■ What you should do
An exact copy of the listing below is required, minus its pictures.

BEGIN The data

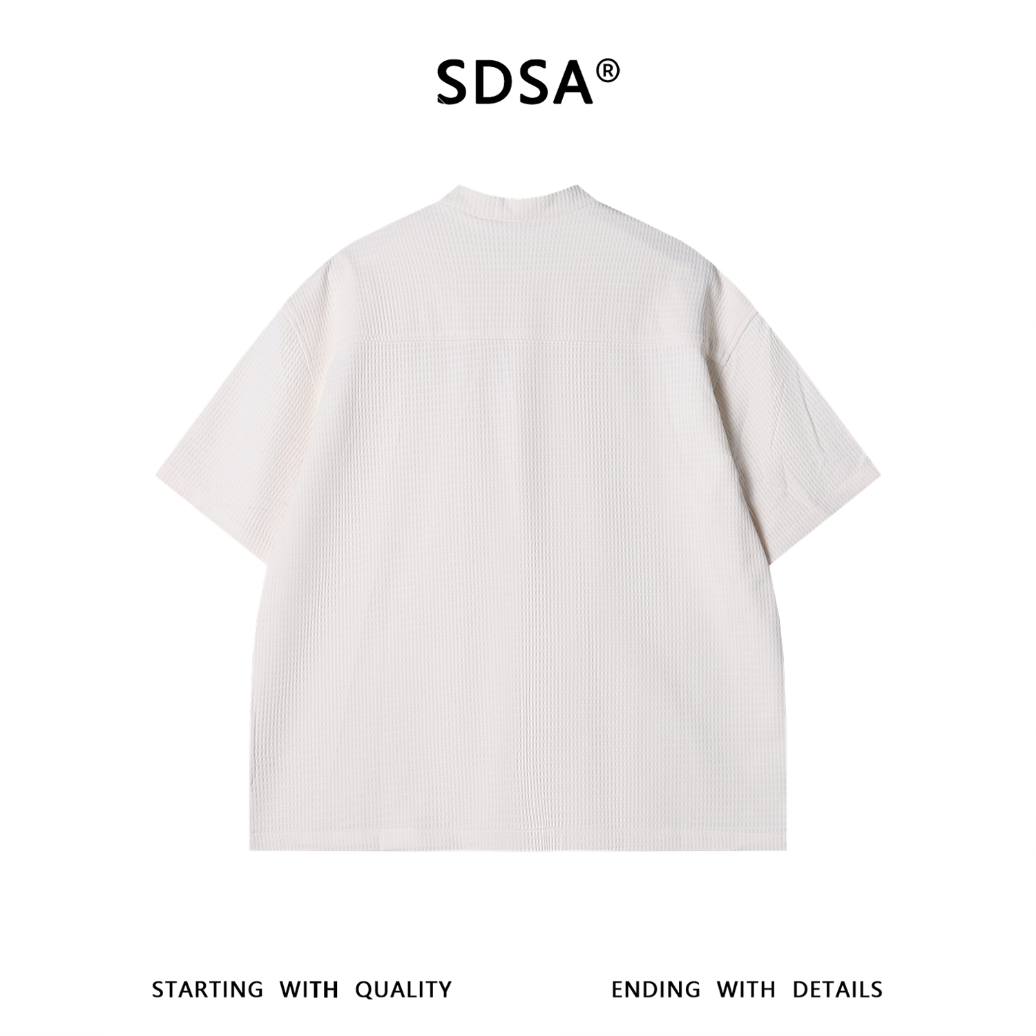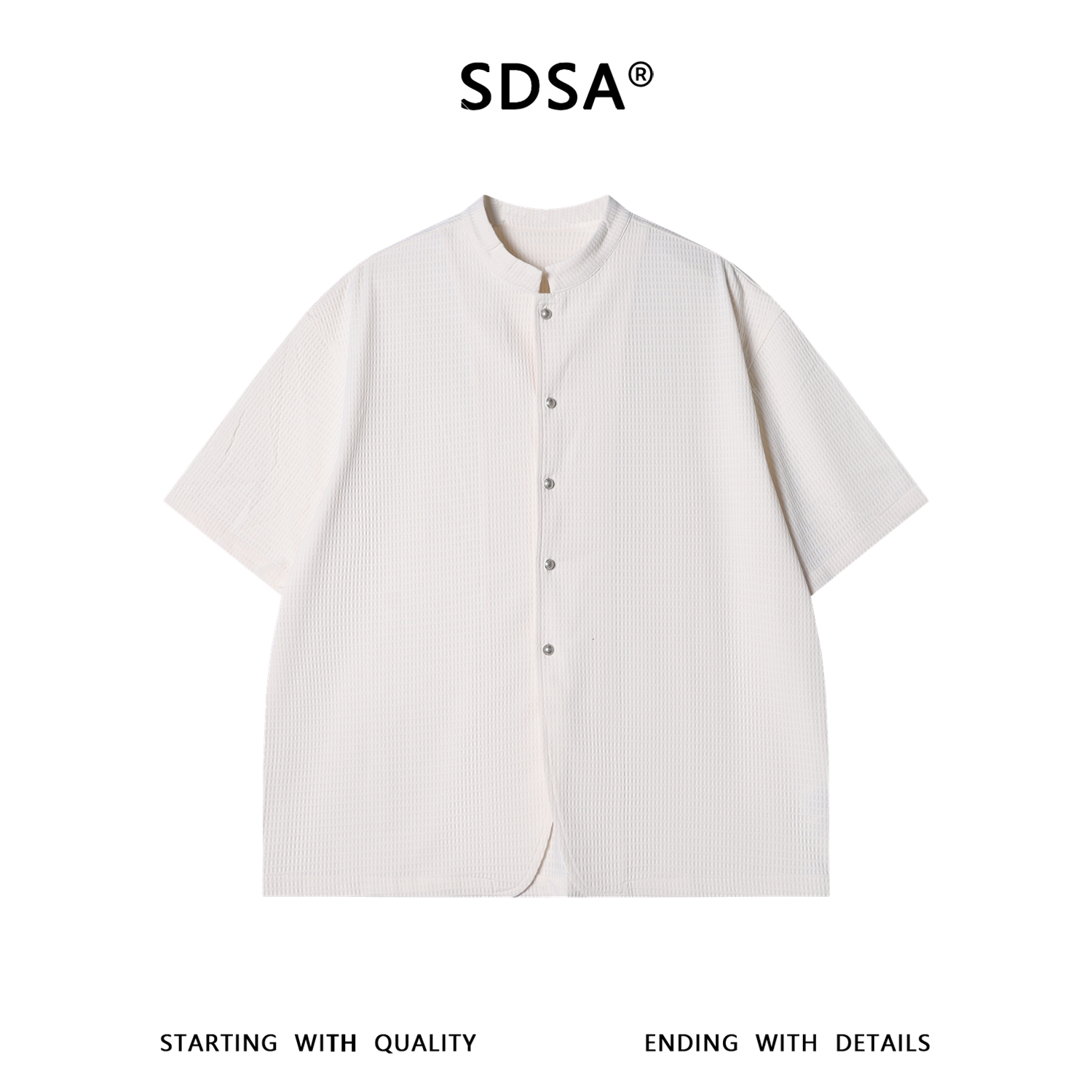 2878SDSA男装2026新款高贵轻奢极简风华夫格肌理立领短袖衬衫百搭休闲
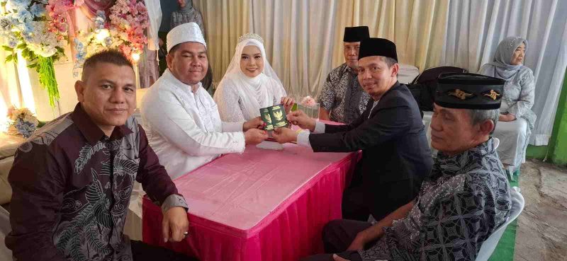 Setelah menarik napas sejenak, H. Ramlan memimpin prosesi akad nikah dengan khidmat. Di tengah keheningan, suara lantangnya memandu Dicky mengucapkan ijab kabul, menuntaskan penantian sepasang anak manusia untuk mengikat janji suci. Momen ini menjadi penutup sempurna atas perjuangan sang Kepala KUA yang berjuang di jalanan Medan.
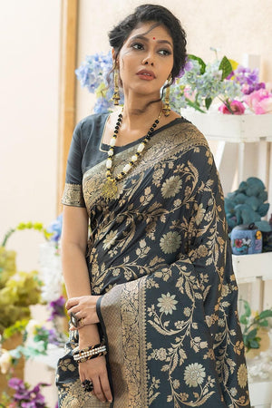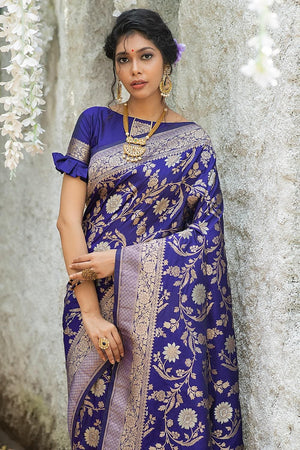 • Ocean Blue Zari Butta Work Banarasi Saree
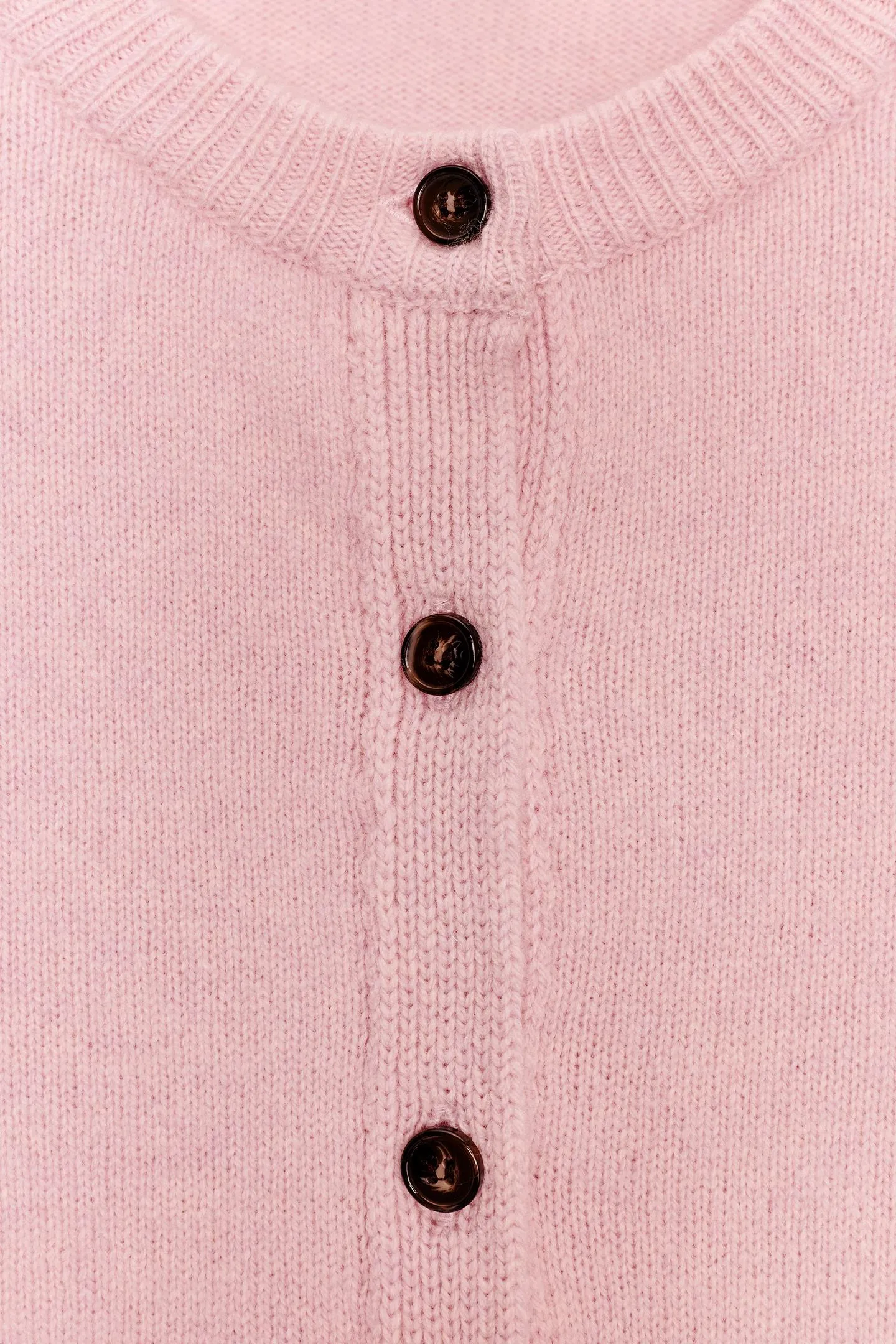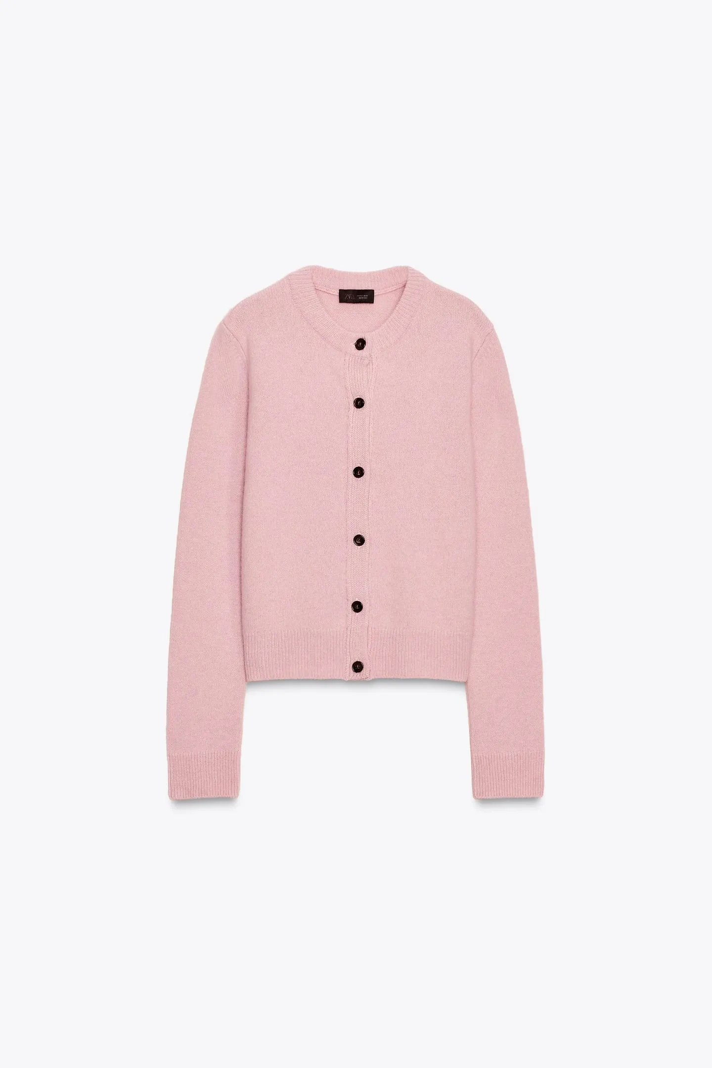 Кардиган из кашемира и шерсти. Круглый вырез горловины и длинные рукава. Ребристая отделка. Застежка на пуговицы спереди.

END The data

■ Solution to this task
 2878SDSA男装2026新款高贵轻奢极简风华夫格肌理立领短袖衬衫百搭休闲
 Setelah menarik napas sejenak, H. Ramlan memimpin prosesi akad nikah dengan khidmat. Di tengah keheningan, suara lantangnya memandu Dicky mengucapkan ijab kabul, menuntaskan penantian sepasang anak manusia untuk mengikat janji suci. Momen ini menjadi penutup sempurna atas perjuangan sang Kepala KUA yang berjuang di jalanan Medan.
 • Ocean Blue Zari Butta Work Banarasi Saree
 Кардиган из кашемира и шерсти. Круглый вырез горловины и длинные рукава. Ребристая отделка. Застежка на пуговицы спереди.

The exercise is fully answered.